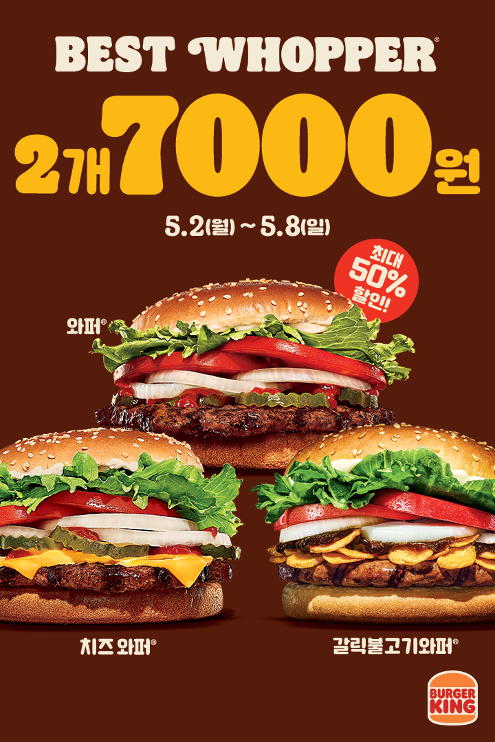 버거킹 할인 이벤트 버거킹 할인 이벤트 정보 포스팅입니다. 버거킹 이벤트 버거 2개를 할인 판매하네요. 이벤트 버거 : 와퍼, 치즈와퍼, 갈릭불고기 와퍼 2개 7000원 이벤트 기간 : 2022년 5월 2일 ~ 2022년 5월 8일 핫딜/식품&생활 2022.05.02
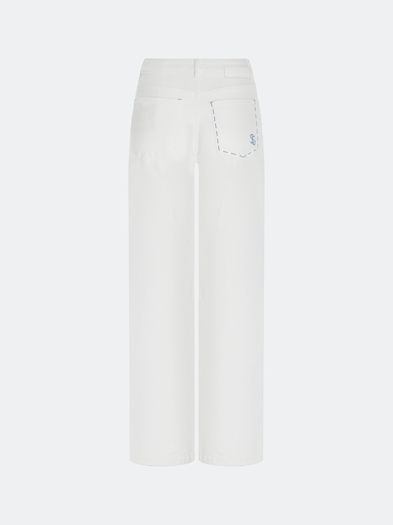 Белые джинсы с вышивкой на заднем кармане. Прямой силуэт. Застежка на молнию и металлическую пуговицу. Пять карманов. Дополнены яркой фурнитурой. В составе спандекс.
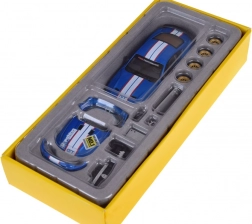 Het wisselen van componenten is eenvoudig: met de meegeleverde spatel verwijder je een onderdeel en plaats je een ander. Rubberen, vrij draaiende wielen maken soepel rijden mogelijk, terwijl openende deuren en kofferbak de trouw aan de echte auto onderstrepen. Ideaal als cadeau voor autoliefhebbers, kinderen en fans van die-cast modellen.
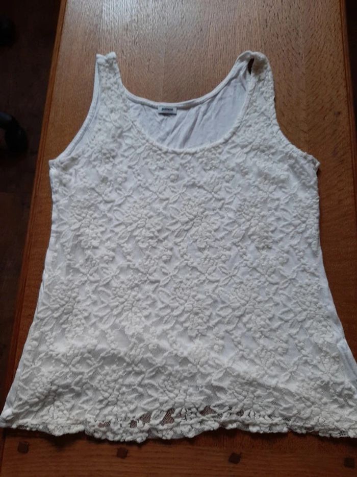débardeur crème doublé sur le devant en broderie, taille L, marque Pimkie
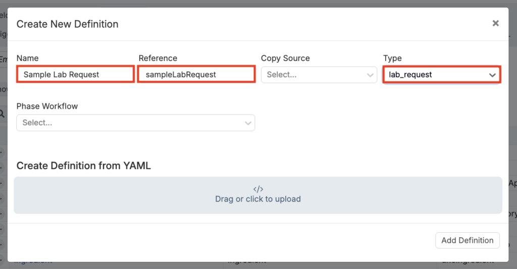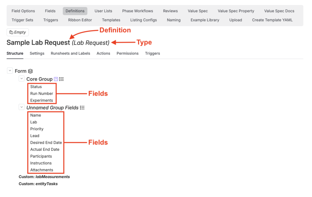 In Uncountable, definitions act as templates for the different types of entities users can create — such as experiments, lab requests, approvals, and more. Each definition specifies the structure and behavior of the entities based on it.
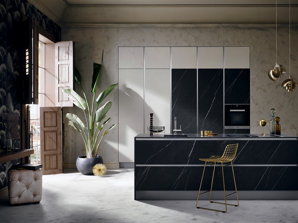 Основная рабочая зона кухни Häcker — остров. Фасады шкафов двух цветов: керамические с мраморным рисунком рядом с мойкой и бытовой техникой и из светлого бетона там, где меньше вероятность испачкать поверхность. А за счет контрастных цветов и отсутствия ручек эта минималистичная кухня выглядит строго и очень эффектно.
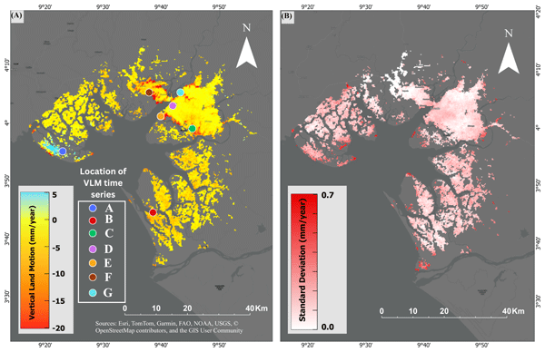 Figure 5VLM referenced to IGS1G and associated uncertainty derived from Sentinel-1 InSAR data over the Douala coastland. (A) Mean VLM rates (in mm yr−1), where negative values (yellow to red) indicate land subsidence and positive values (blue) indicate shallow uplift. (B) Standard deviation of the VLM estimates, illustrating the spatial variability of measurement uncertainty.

——

> [Required work] Leave the images out and print each entry exactly.

> [Final answer]
 버거킹 할인 이벤트 버거킹 할인 이벤트 정보 포스팅입니다. 버거킹 이벤트 버거 2개를 할인 판매하네요. 이벤트 버거 : 와퍼, 치즈와퍼, 갈릭불고기 와퍼 2개 7000원 이벤트 기간 : 2022년 5월 2일 ~ 2022년 5월 8일 핫딜/식품&생활 2022.05.02
 Белые джинсы с вышивкой на заднем кармане. Прямой силуэт. Застежка на молнию и металлическую пуговицу. Пять карманов. Дополнены яркой фурнитурой. В составе спандекс.
 Het wisselen van componenten is eenvoudig: met de meegeleverde spatel verwijder je een onderdeel en plaats je een ander. Rubberen, vrij draaiende wielen maken soepel rijden mogelijk, terwijl openende deuren en kofferbak de trouw aan de echte auto onderstrepen. Ideaal als cadeau voor autoliefhebbers, kinderen en fans van die-cast modellen.
débardeur crème doublé sur le devant en broderie, taille L, marque Pimkie
 In Uncountable, definitions act as templates for the different types of entities users can create — such as experiments, lab requests, approvals, and more. Each definition specifies the structure and behavior of the entities based on it.
 Основная рабочая зона кухни Häcker — остров. Фасады шкафов двух цветов: керамические с мраморным рисунком рядом с мойкой и бытовой техникой и из светлого бетона там, где меньше вероятность испачкать поверхность. А за счет контрастных цветов и отсутствия ручек эта минималистичная кухня выглядит строго и очень эффектно.
 Figure 5VLM referenced to IGS1G and associated uncertainty derived from Sentinel-1 InSAR data over the Douala coastland. (A) Mean VLM rates (in mm yr−1), where negative values (yellow to red) indicate land subsidence and positive values (blue) indicate shallow uplift. (B) Standard deviation of the VLM estimates, illustrating the spatial variability of measurement uncertainty.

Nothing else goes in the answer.